Come descrivo raccontando altre storie (Pearl Harbour, il Raid di Doolittle e Midway) il Giappone non entrò nella modernità compiutamente, ma scatenò una guerra per la quale era culturalmente e materialmente impreparato pagando la propria presunzione con oltre 2 milioni di militari morti: un uomo su quattro nell'Esercito e uno su cinque nella Marina. L'immagine del soldato giapponese che carica con il fucile Arisaka è la rappresentazione grafica di questa guerra che enfatizza esaspèeratamente l'elemento morale: un fucile che con la baionetta inastata era più lungo del soldato giapponese di altezza media.

Questa storia non ha una morale, né delle conclusioni: tuttavia tutti conosciamo le reticenze dei giapponesi a fare i conti con il proprio passato e i crimini di guerra compiuti dalle proprie forze armate.

Meno squillanti sono altri segnali: ad esempio i contenuti dei libri di testo di storia delle scuole cinesi.
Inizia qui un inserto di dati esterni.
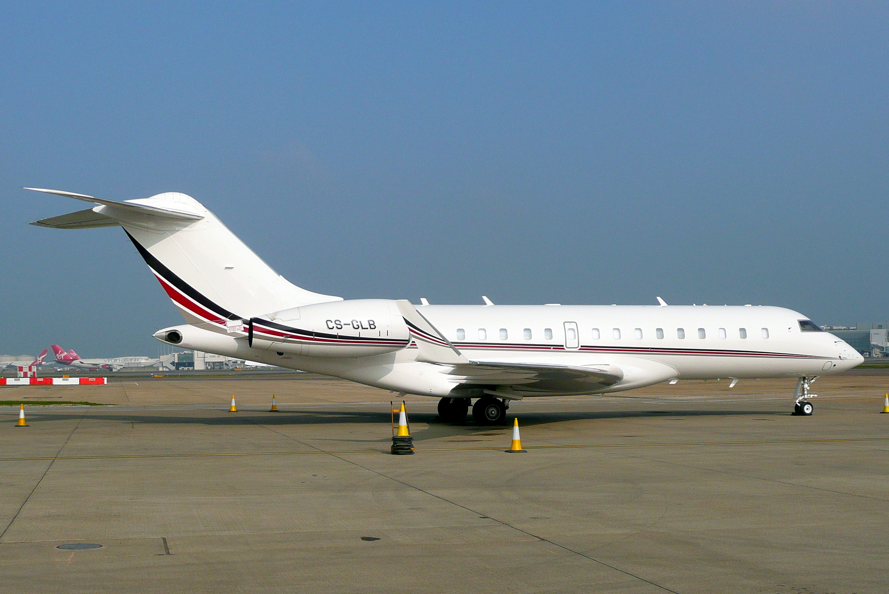 CS-GLB Bombardier Global 6000 NetJets on std 456.
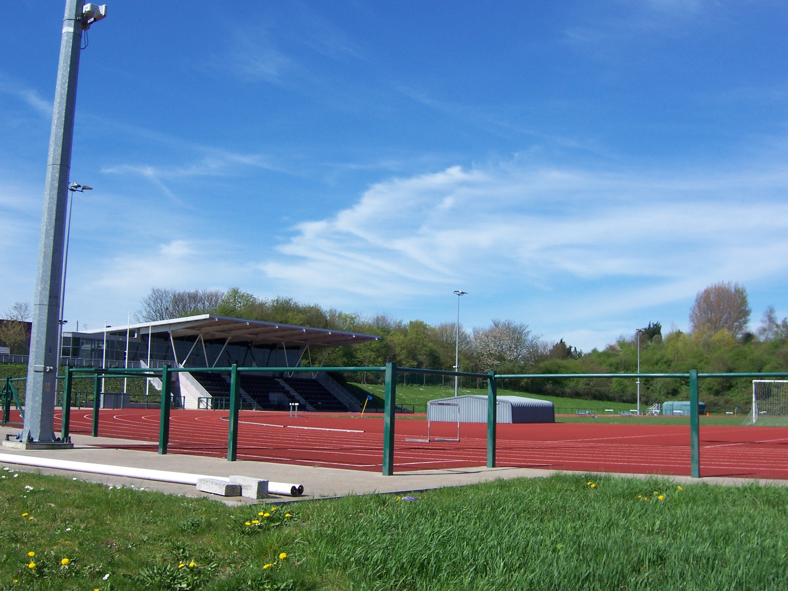 The Hillingdon Athletics Track in Uxbridge.
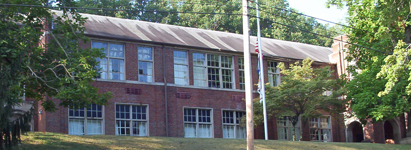 The Benham Schoolhouse Inn, a former school which has been converted into a hotel in Benham, Kentucky

Nel gennaio del 2006, Freezing Point, il supplemento settimanale al quotidiano China Youth Daily, è stato chiuso per qualche settimana per aver pubblicato un saggio di Yuan Weishi, professore di storia alla Zhongshan University di Taiwan, nel quale denunciava come i libri di testo degli studenti cinesi descrivessere in modo contraffatto e tendenzioso i 60 anni di eventi di cui ho parlato, giustificando i crimini dei Boxer e degli altri protagonisti di atrocità come una reazione rivoluzionaria all'aggressione occidentale.

Il messaggio che si vuole mandare agli studenti cinesi, secondo il professor Weishi, è che qualsiasi azione che protegga la purezza della superiore cultura cinese dalle maligne influenze occidentali è opportuna e auspicabile, compreso l'uso della forza.

Freezing point è tornato nelle edicole, ma con un nuovo direttore e senza la collaborazione del professor Weishi.